··· Recorded information
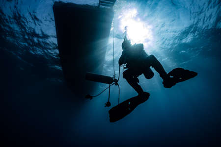 silhouette of scuba diver underwater in ocean under boat
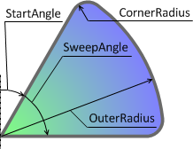 [Settings for the above shape: StartAngle = 30, SweepAngle = 60, CenterRadius = 0, CornerRadius = 10, InnerRadius = 45, OuterRadius = 100]
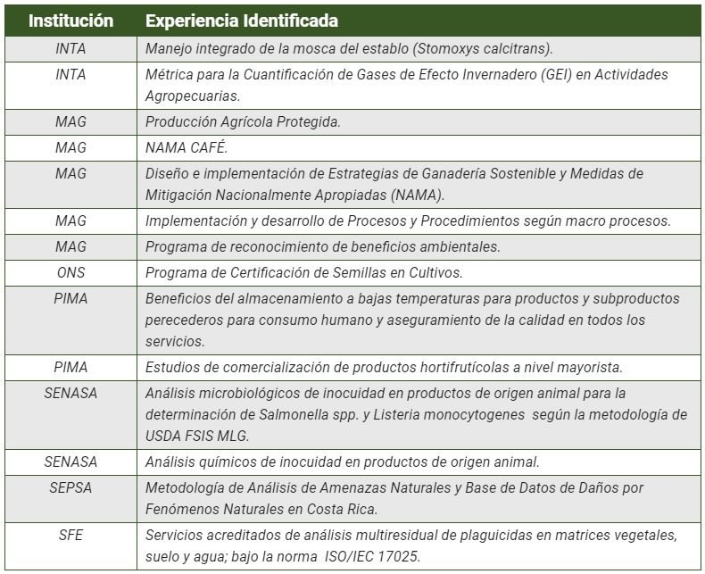 En el cuadro que se adjunta se muestran los temas en los que Costa Rica ha desarrollado experiencias exitosas y las entidades que lideran esas experiencias.
······
**Activity:**
Your output should be only the lines from the line with "[Settings for the" through the end of the data, exactly as they stand, and no pictures.

**Answer space:**
 [Settings for the above shape: StartAngle = 30, SweepAngle = 60, CenterRadius = 0, CornerRadius = 10, InnerRadius = 45, OuterRadius = 100]
 En el cuadro que se adjunta se muestran los temas en los que Costa Rica ha desarrollado experiencias exitosas y las entidades que lideran esas experiencias.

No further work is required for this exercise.